Zénith An II, non, ça n'a pas été filmé. On n'avait pas les moyens ce jour là. La Gare de Troyes, ça a été filmé par un amateur, ça-peut être diffusé comme document. On va sortir d'ailleurs le nouveau collector - cadeau pour l'adhésion au fan club qui sera normalement envoyé mi-janvier - qui s'appellera Archive, mais ce sont des archives de la nouvelle génération, ce ne sont pas des archives de l'ancienne parce que pour l'instant je n'en ai pas; et puis pour l'ancienne, on a déjà sorti beaucoup de choses, il n'y a plus rien. On continue donc de travailler sur celle-ci, qui est en fait la plus durable. A part le changement de batteur qu'on a eu il y trois/quatre ans, autrement ce sont toujours mêmes. On est en train de voir, on a fait de la recherche un peu sur des trucs, parfois c'est amateur. Il y a aussi les coulisses de Souffleurs de Vers, quant on a travaillé chez moi, où Caroline, avec sa caméra, nous a pris en train de travailler. Il y a aussi les répétitions du show qu'on va faire ce soir, chez Paulette, à Pagney derrière Barine, où on a répété dernièrement, c'est un gars d'Un pied dans la marge qui est venu filmer, mais c'est vraiment le son comme ça, c'est vraiment le document. C'est pour faire plaisir, ce n'est pas de la grande qualité, mais on nous voit discuter.

Que pensez-vous de la sortie du DVD Un Ange Passe, gui se contente de proposer le documentaire diffusé sur France 3 Franche-Comté, sans aucun bonus ?

Il n'y avait pas de bonus dans le sens où ils ne pouvaient pas car il n'y avait rien là-dessus, ou alors il fallait aller à l'INA, et l'INA ça coûte la peau du cul. Il y a un côté nostalgique qui m'emmerde, là-dedans. Le mec a monté le truc pour faire "les deux frères ne s'entendent pas", c'est monté de telle façon que je n'ai pas trouvé ça très intéressant. Le truc play-back qu'il m'a fait faire, je ne sais pas du tout faire ça, j'aurais préféré qu'il mette autre chose...

Que pensez-vous de la scène prog française actuelle, et en particulier des groupes gui vous rendent hommage plus au moins directement, Ex Vagus, Motis, Lazuli ou Northwinds ?

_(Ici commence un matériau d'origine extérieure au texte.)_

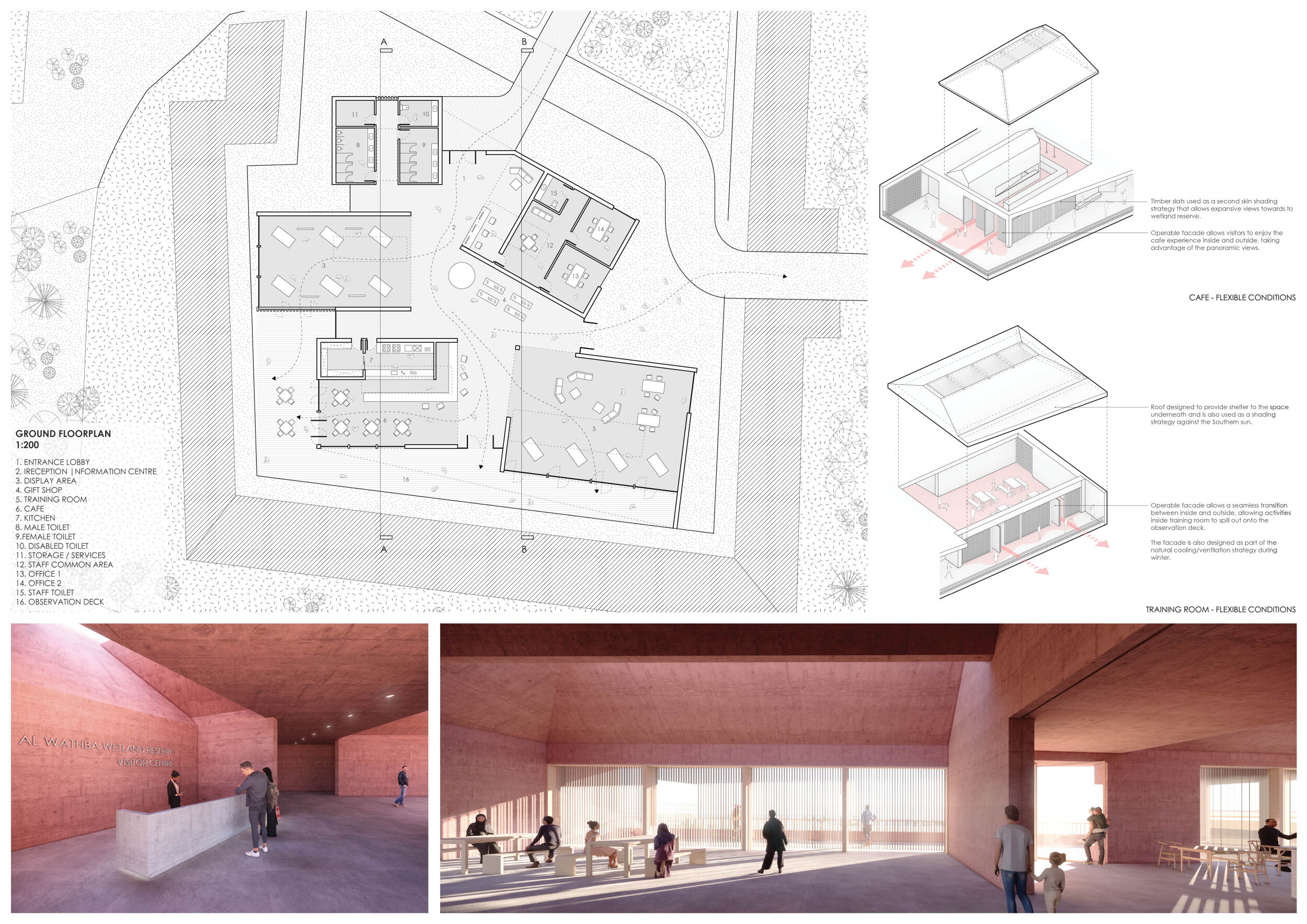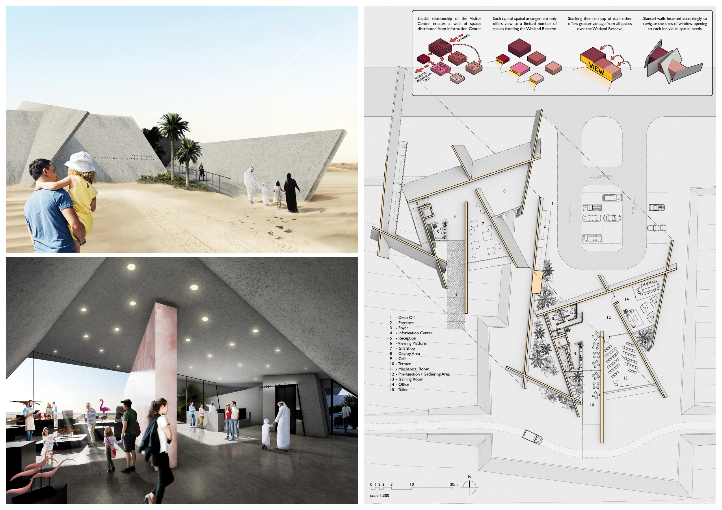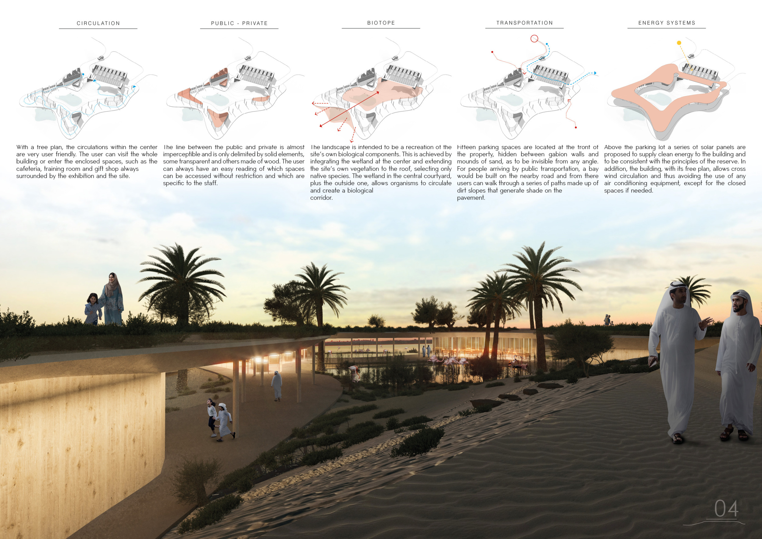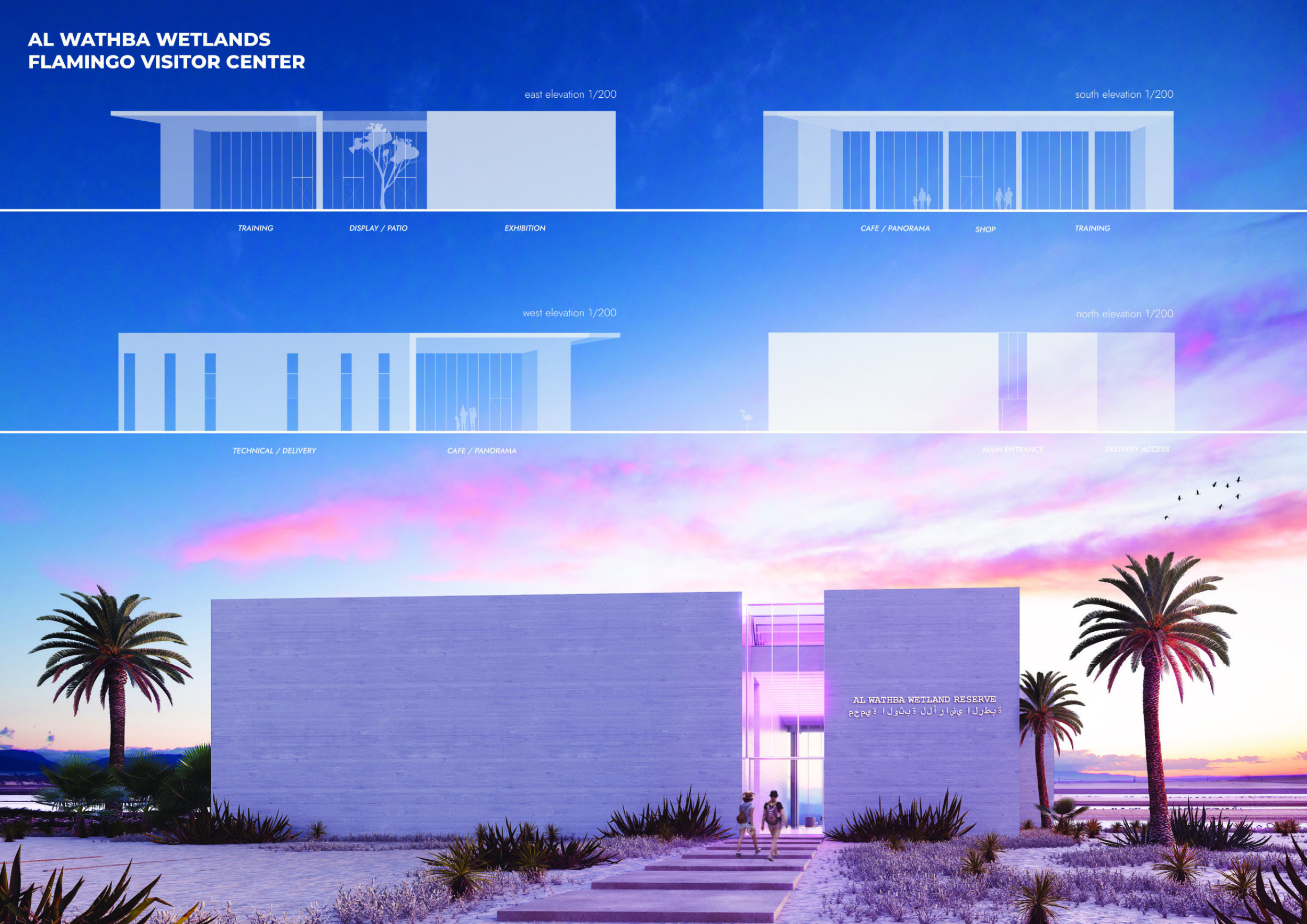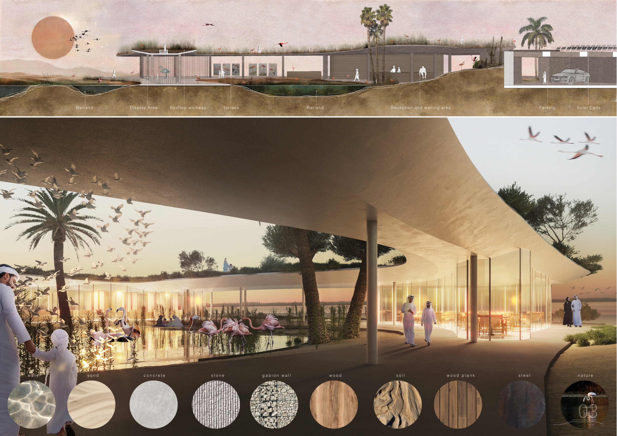 Competition participants were tasked with submitting concepts for a new visitor center, designed in balance with Al Wathba’s unique natural environment. The visitor center is to be programmed with facilities including an information center, cafe, terrace, souvenir shop, display area for specimens, training center, toilets, and a car park.
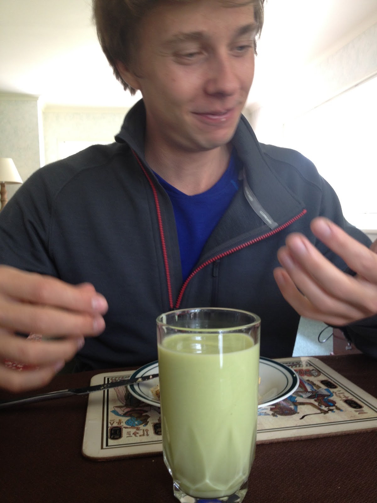 De verkar inte äta så mycket här. Vi har lite dåligt samvete över att vi äter och äter och äter som värsta Hobbitarna. Jämt och mycket. Vi tar typ slut på allting för dem, flera gånger om (de måste vara helt förundrade över vår äggkonsumtion, tur att vi hittade en jättestor äggkartong i en kundvagn utanför en mataffär för nån vecka sen). Första dagen blev vi långa i ansiktet när Kathryn sa att det fanns bananer om vi ville ha lunch. Det blev det och flingor, men sen har vi börjat fixa saker själva (läs värma rester, steka ägg och rosta mackor). Men de äter ofta mackor, idag åt vi jättegoda fruktscones och avokadosmoothie á la Linnéa. Vi saknar dock osthyvel och konservöppnare när vi lever runt i köket och skapar fantastiska matkreationer (hmmm). Hur överlever de utan egentligen????

C'est bien. C'est bien qu'ils existent et c'est bien qu'ils continuent... Ex Vagus, ce sont des potes, mais Lazuli, c'est un groupe exceptionnel parce qu'il a une originalité que les autres n'ont peut-être pas vraiment. Motis aussi. On a joué avec une fois, et j'ai trouvé que ce mélange de rock médiéval et de musique un peu techno... j'ai bien aimé parce qu'il y a une espèce de volonté de puiser dans plusieurs creusets et de faire des mélanges, comme ça. C'est vrai que ce qu'ils appellent la scène prog, c'est pas évident. Nous, on ne se définit pas comme rock prog. Ange, je pense que c'est un artiste à six têtes ou cinq têtes, suivant les effectifs. Je ne sais pas si c'est du rock prog, on est tombé là dedans à un moment donné où ils ont appelé ça comme ça, mais j'aime pas les étiquettes. des fois, ça a tendance, on appelera ça du prog, mais c'est une chanson, quoi, c'est un titre.

Pour terminer, pouvez-vous nous dire quels sont vos derniers coups de cœur en musique, cinéma et littérature ?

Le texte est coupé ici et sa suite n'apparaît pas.